Extracted records:
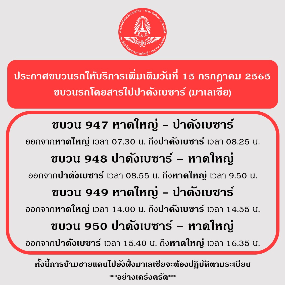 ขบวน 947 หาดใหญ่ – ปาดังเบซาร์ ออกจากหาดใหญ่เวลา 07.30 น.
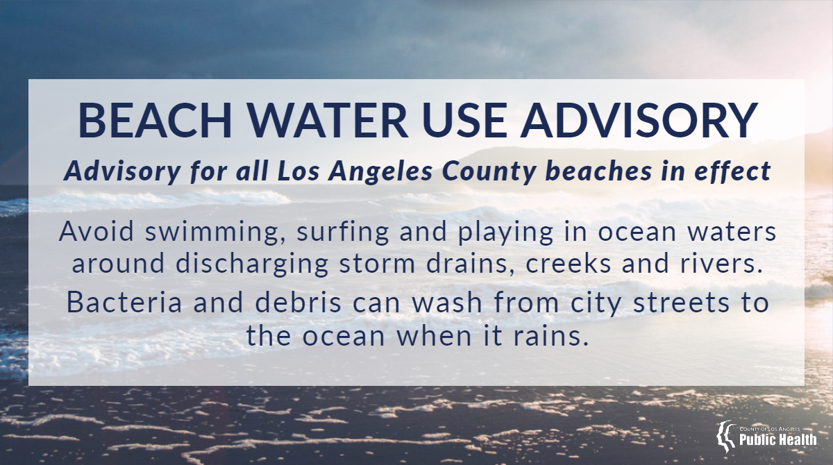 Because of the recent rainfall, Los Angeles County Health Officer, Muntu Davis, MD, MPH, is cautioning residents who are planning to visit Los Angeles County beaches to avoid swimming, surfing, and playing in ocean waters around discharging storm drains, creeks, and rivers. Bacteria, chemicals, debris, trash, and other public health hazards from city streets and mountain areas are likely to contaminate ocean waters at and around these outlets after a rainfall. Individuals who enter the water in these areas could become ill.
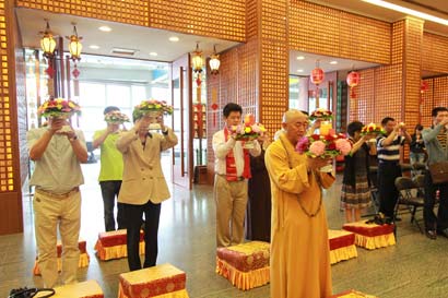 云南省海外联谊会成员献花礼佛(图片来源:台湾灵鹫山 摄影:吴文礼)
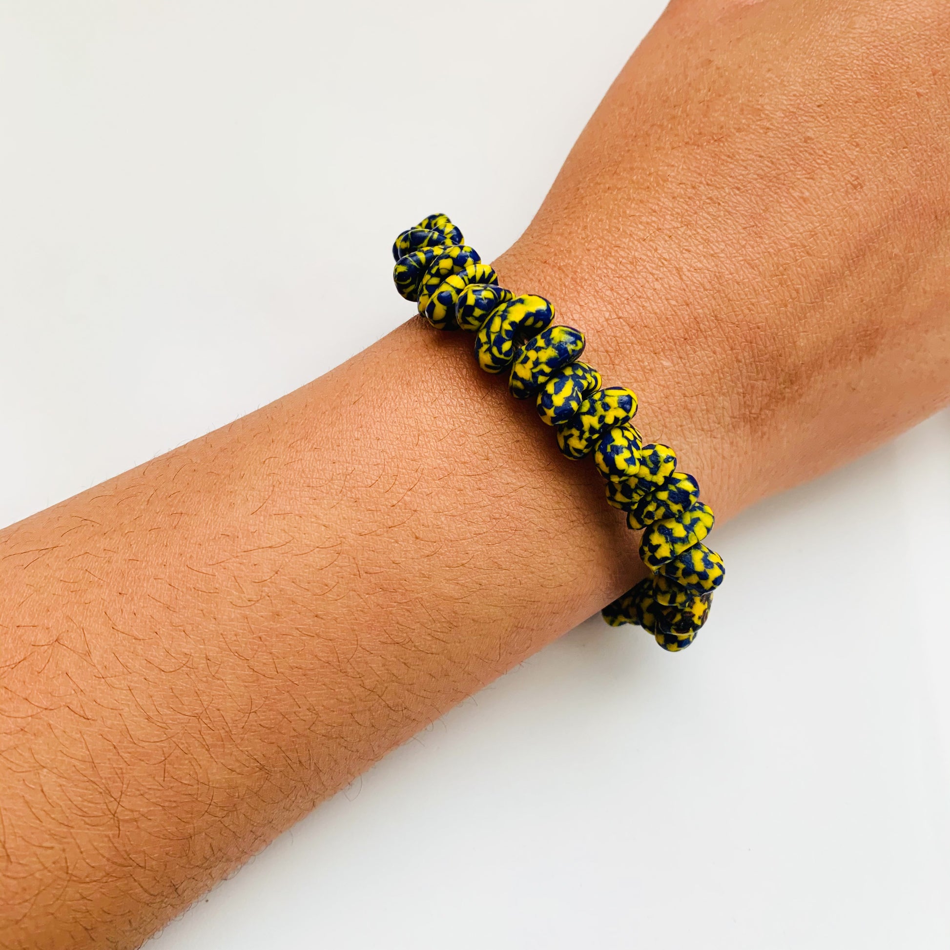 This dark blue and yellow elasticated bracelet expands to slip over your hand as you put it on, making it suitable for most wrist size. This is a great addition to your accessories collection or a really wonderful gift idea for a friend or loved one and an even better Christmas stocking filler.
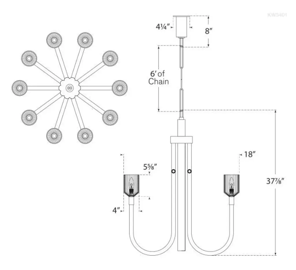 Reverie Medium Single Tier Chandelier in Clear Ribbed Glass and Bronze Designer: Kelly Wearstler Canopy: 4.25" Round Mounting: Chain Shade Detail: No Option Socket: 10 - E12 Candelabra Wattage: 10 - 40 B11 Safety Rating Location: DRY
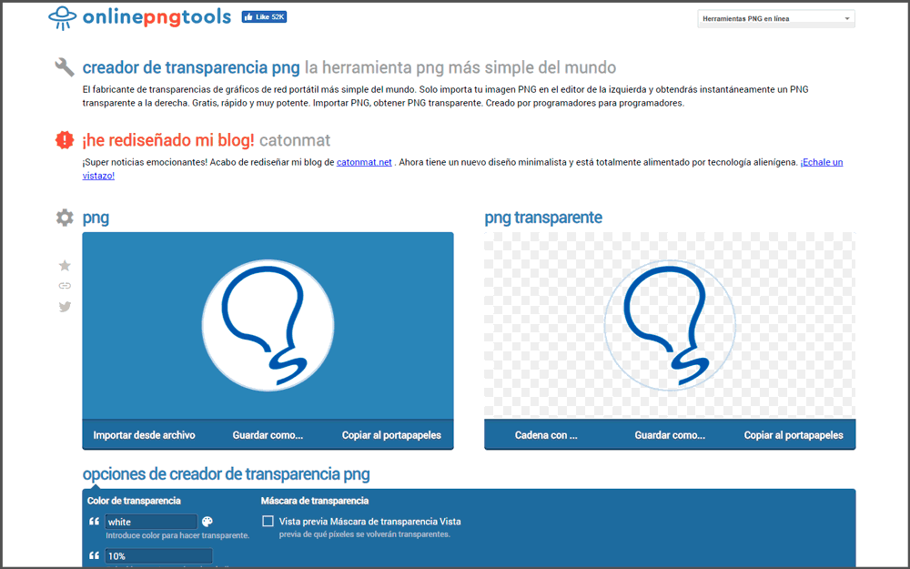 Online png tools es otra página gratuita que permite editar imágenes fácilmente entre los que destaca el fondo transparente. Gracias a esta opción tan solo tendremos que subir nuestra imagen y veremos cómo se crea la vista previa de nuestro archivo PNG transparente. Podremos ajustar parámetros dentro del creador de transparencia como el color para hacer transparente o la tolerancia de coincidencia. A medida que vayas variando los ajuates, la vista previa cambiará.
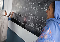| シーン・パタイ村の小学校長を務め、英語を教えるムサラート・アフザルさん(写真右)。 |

- [Problem statement]: Apart from the images, please copy every line of the data exactly as written.

- [Written response]:
 ขบวน 947 หาดใหญ่ – ปาดังเบซาร์ ออกจากหาดใหญ่เวลา 07.30 น.
 Because of the recent rainfall, Los Angeles County Health Officer, Muntu Davis, MD, MPH, is cautioning residents who are planning to visit Los Angeles County beaches to avoid swimming, surfing, and playing in ocean waters around discharging storm drains, creeks, and rivers. Bacteria, chemicals, debris, trash, and other public health hazards from city streets and mountain areas are likely to contaminate ocean waters at and around these outlets after a rainfall. Individuals who enter the water in these areas could become ill.
 云南省海外联谊会成员献花礼佛(图片来源:台湾灵鹫山 摄影:吴文礼)
 This dark blue and yellow elasticated bracelet expands to slip over your hand as you put it on, making it suitable for most wrist size. This is a great addition to your accessories collection or a really wonderful gift idea for a friend or loved one and an even better Christmas stocking filler.
 Reverie Medium Single Tier Chandelier in Clear Ribbed Glass and Bronze Designer: Kelly Wearstler Canopy: 4.25" Round Mounting: Chain Shade Detail: No Option Socket: 10 - E12 Candelabra Wattage: 10 - 40 B11 Safety Rating Location: DRY
 Online png tools es otra página gratuita que permite editar imágenes fácilmente entre los que destaca el fondo transparente. Gracias a esta opción tan solo tendremos que subir nuestra imagen y veremos cómo se crea la vista previa de nuestro archivo PNG transparente. Podremos ajustar parámetros dentro del creador de transparencia como el color para hacer transparente o la tolerancia de coincidencia. A medida que vayas variando los ajuates, la vista previa cambiará.
| シーン・パタイ村の小学校長を務め、英語を教えるムサラート・アフザルさん(写真右)。 |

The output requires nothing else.